Confine SIMD code to runtime-dispatched tiers (fixes #628)#630
Confine SIMD code to runtime-dispatched tiers (fixes #628)#630andrewkern wants to merge 6 commits into
Conversation
SLiM was built with -mavx2 -mfma applied to the whole project, which let the compiler emit AVX2/FMA instructions throughout the entire binary, not only in the explicit SIMD kernels. The resulting build crashed with SIGILL on x86_64 CPUs without AVX2 (pre-Haswell, ~2012 and earlier). The kernels formerly in eidos_simd.h are moved to a tier-parameterized body, eidos_simd_impl.h, compiled once per instruction-set tier: scalar, SSE4.2, and AVX2+FMA on x86_64, and NEON on ARM64. Only the per-tier translation units receive instruction-set flags; every other translation unit, including the dispatcher, is compiled at the baseline x86_64 ABI. At startup Eidos_SIMD_Init() probes the CPU with __builtin_cpu_supports() and points the Eidos_SIMD function pointers at the fastest supported tier. A single binary is therefore correct on any x86_64 CPU: the baseline of the executable contains no AVX2/SSE4.2 instructions, and tier code runs only after the CPU has been confirmed to support it. USE_SIMD is now a simple ON/OFF switch; OFF (and MSVC) builds the scalar tier only. The qmake build sets EIDOS_SUPPRESS_SIMD_DISPATCH, keeping its prior scalar-only behavior since it applies no per-file SIMD flags.
These files were created from copies of eidos_simd.h and carried its original creation date; set it to their actual creation date.
Codecov Report❌ Patch coverage is
Additional details and impacted files@@ Coverage Diff @@
## master #630 +/- ##
==========================================
- Coverage 75.67% 75.63% -0.04%
==========================================
Files 114 118 +4
Lines 72808 73048 +240
Branches 12873 12916 +43
==========================================
+ Hits 55095 55252 +157
- Misses 17713 17796 +83
🚀 New features to boost your workflow:
|
|
grrr... some of the windows tests are failing... working on it |
The SIMD kernels are compiled once per instruction-set tier, but only the tier the CPU selects at startup ever runs, so on a modern CI machine the scalar and SSE4.2 kernels were never executed or covered.
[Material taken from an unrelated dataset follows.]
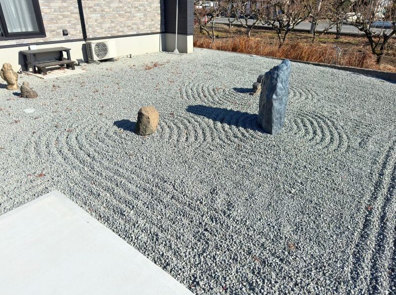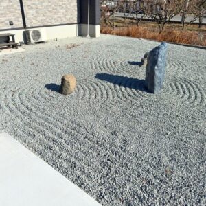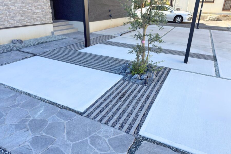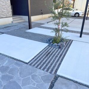 敷地の入り口には、表札やポストを組み込んだ門袖を設置しました。既存のオリーブを活かし、人が通る場所には石張りを施工。さらに周囲には幅5センチのインターロッキングを並べ、その間に砂利を敷き詰めることで印象的なボーダーラインを描きました。入口から玄関までの動線が楽しめます。門袖やオリーブの根元、建物の壁沿いには照明を設置。夜になると柔らかな光が浮かび上がり、昼間とは一味違う雰囲気で、優しく迎えてくれます。

Add Eidos_SIMD_SelectTier(), which forces a specific tier, and rewrite Eidos_SIMD_Init() in terms of it. The SIMD math tests now cycle through every tier the CPU supports -- running the full battery against scalar, SSE4.2, and AVX2+FMA -- then restore the best tier. The battery also gains direct tests for the kernels that previously had no per-tier coverage: sqrt, abs, the rounding family, the reductions, the convolution helpers, and the single-precision spatial-interaction kernels. This exercises the scalar and SSE4.2 code paths that nothing tested before.
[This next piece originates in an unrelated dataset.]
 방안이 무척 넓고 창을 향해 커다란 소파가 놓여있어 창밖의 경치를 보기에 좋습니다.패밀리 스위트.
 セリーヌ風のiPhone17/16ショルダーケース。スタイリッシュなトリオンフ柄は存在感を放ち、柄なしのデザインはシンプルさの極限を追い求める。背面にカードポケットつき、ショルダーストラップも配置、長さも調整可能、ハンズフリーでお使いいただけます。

…lags On Windows the WIN32 target blocks run set_source_files_properties() over every source file to add "-include config.h". COMPILE_FLAGS is a single string property, so that overwrote the "-mavx2 -mfma" / "-msse4.2" set earlier on the tier files, and eidos_simd_avx2.cpp then failed to compile its AVX2 intrinsics. Apply the per-tier ISA flags at the end of the file instead, after the WIN32 blocks, using set_property(... APPEND_STRING ...) so they extend rather than replace COMPILE_FLAGS.
|
okay @bhaller -- this is ready for review |
bhaller
left a comment
There was a problem hiding this comment.
Hi @andrewkern! Sorry for the slow review, things got busy. :-O A couple concerns here, some trivial, some bigger. See what you think.
| // Eidos | ||
| // | ||
| // Created by Andrew Kern on 5/21/2026. | ||
| // Copyright (c) 2024-2025 Benjamin C. Haller. All rights reserved. |
There was a problem hiding this comment.
and likewise in other files; I notice this is a repeating problem, due to copy-paste...
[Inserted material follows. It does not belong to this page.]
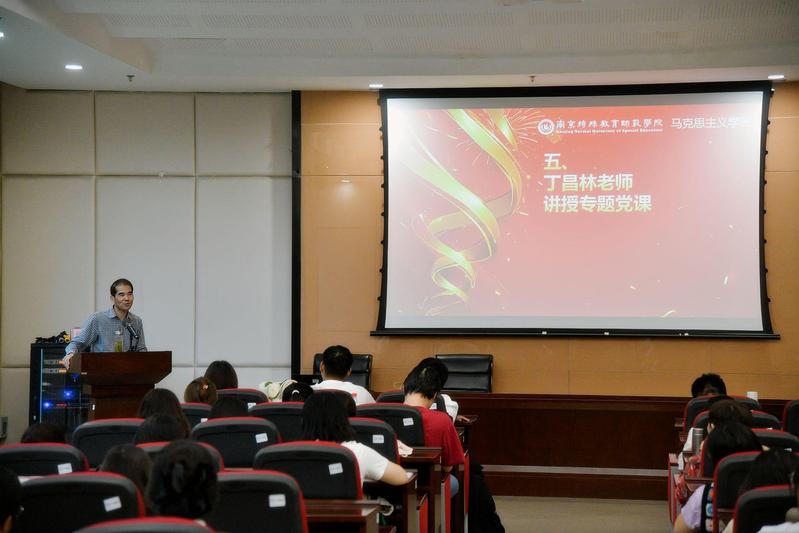 作为本次活动的重要环节,丁昌林老师以“坚定理想信念,担当时代使命”为题,为2025级全体新生讲授了一堂生动而深刻的专题党课,这也是新生入学教育的“理想信念第一课”。丁老师结合自身丰富的阅历与感悟,娓娓道来,寄语新生要筑牢信仰之基,珍惜大学时光,努力成长为堪当民族复兴重任的时代新人。同学们凝神聆听,深受启迪。

There was a problem hiding this comment.
ack sorry about this. will fix that.
There was a problem hiding this comment.
wait just to be clear -- do you want the copyright date switched or my date just to be Created by Andrew Kern in 2026?
There was a problem hiding this comment.
The "Created by" was fine as it was. The copyright was the problem – it can't say that it was copyright in a year before it even existed. :-> So the copyrights on these SIMD files should say "Copyright (c) 2026 Benjamin C. Haller. All rights reserved." (In giving this code to SLiM, you implicitly give the copyright to me, I hope you don't mind that. Somebody needs to hold the copyright, and since I need control over the repo, that ought to be me, since there's no foundation/trust/whatever. :->)
| // since the AVX2 tier and SLEEF both use FMA instructions. | ||
| if (std::strcmp(tier_name, "AVX2+FMA") == 0) | ||
| { | ||
| if (!(__builtin_cpu_supports("avx2") && __builtin_cpu_supports("fma"))) |
There was a problem hiding this comment.
I'm worried about compilers that don't support __builtin_cpu_supports. I guess this is on GCC 4.8+ and Clang 9+. Clang 9 was only released in 2019, so there might be older versions floating around pretty commonly. GCC 4.8+ is fine, though; that's the first GCC version that supported C++11, so it is required anyway. (Clang supported C++11 in version 3.3, so suddenly requiring Clang 9 is a BIG jump forward in requirements.) Older GCC/Clang, and other compilers like MSVC and Intel, will not have __builtin_cpu_supports, though. So I'm worried that we're substituting a common problem (compilers not supporting __builtin_cpu_supports) in place of a rare problem (hardware so old that this solution is needed in the first place).
I see that Google has a more general solution to this sort of problem: https://github.com/google/cpu_features. It is not simple, and would complexify SLiM's build significantly; it is not a single-header solution, unfortunately, it would require setting up a CMake subdirectory and stuff. Doubtless that would be a PITA to get working. But maybe it is what we have to do? Or we could detect compilers that don't have __builtin_cpu_supports, based on not-GCC, not-Clang, or old-GCC-or-Clang, and fall back to scalar while emitting a warning, or some such. Ugh. Thoughts?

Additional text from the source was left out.